*** Data shown Section Begins ***
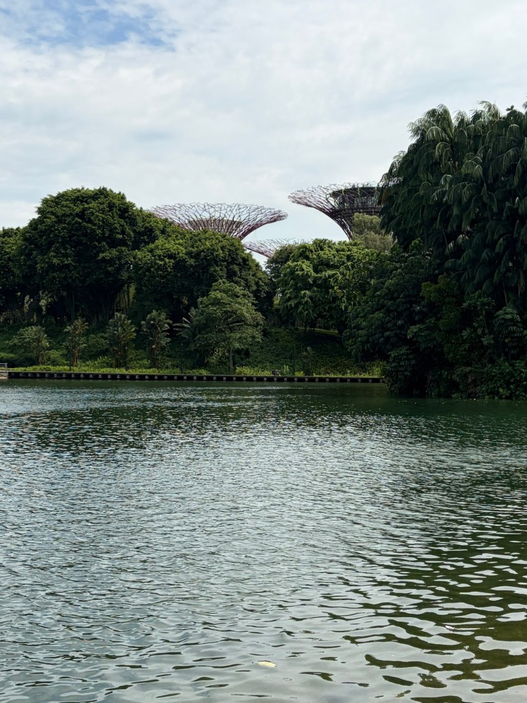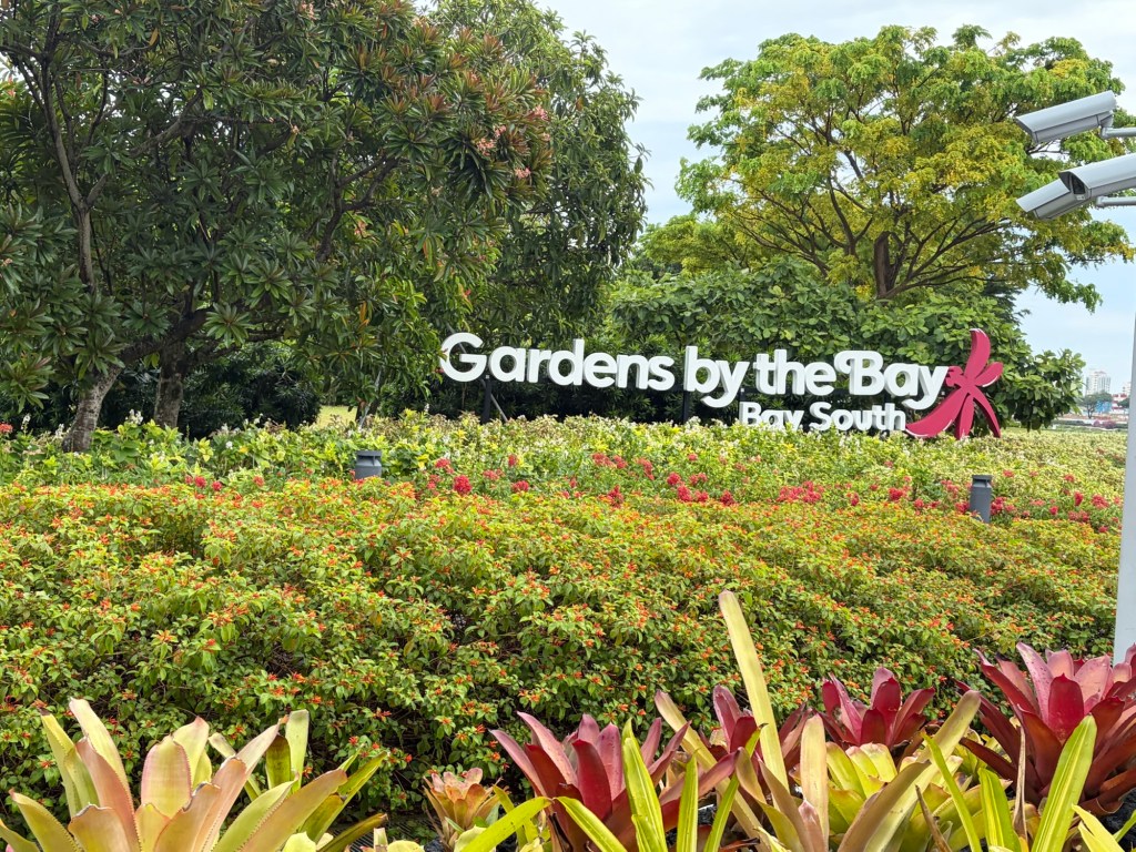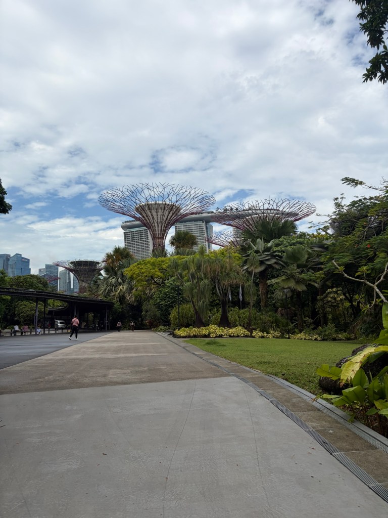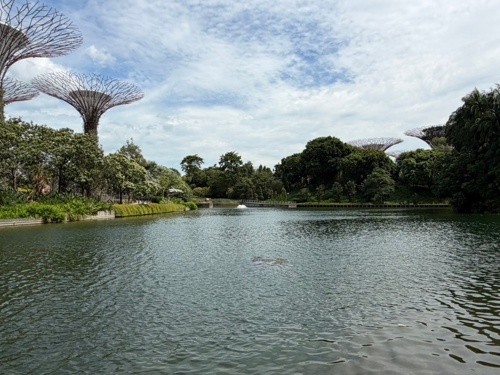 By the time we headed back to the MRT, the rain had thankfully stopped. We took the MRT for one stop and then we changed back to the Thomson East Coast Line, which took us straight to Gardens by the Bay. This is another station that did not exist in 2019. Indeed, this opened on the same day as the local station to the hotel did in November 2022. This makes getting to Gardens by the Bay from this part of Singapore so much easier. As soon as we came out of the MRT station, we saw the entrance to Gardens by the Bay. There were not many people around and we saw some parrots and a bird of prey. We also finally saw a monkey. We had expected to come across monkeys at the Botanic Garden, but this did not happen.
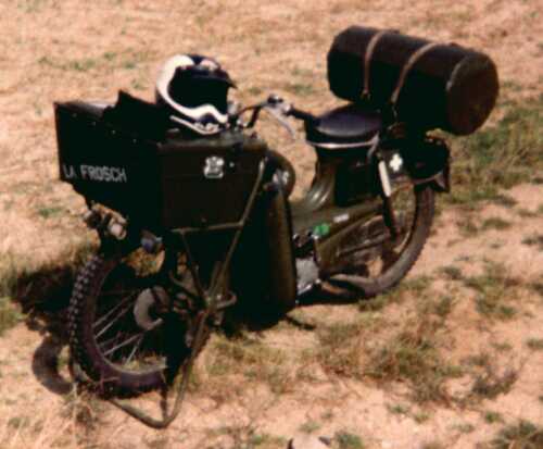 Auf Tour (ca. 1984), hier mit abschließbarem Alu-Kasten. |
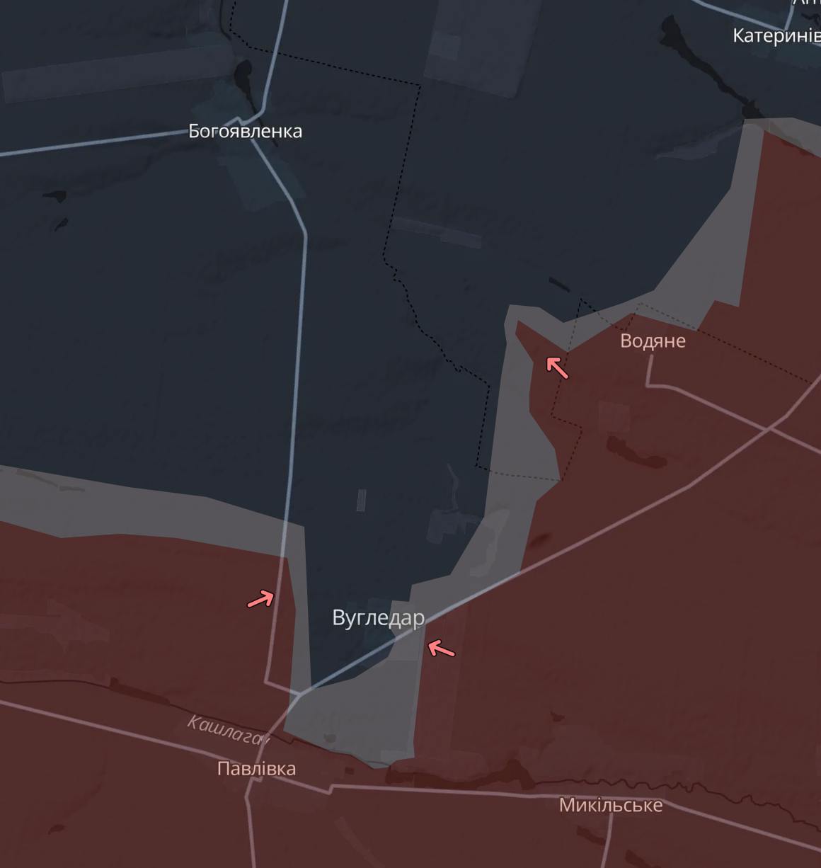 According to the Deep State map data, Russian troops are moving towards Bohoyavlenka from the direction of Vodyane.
*** Data shown Section Ends ***
* Your goal
From the first line to the last, repeat the data above exactly and leave the pictures out.

* Written response
 By the time we headed back to the MRT, the rain had thankfully stopped. We took the MRT for one stop and then we changed back to the Thomson East Coast Line, which took us straight to Gardens by the Bay. This is another station that did not exist in 2019. Indeed, this opened on the same day as the local station to the hotel did in November 2022. This makes getting to Gardens by the Bay from this part of Singapore so much easier. As soon as we came out of the MRT station, we saw the entrance to Gardens by the Bay. There were not many people around and we saw some parrots and a bird of prey. We also finally saw a monkey. We had expected to come across monkeys at the Botanic Garden, but this did not happen.
 Auf Tour (ca. 1984), hier mit abschließbarem Alu-Kasten. |
 According to the Deep State map data, Russian troops are moving towards Bohoyavlenka from the direction of Vodyane.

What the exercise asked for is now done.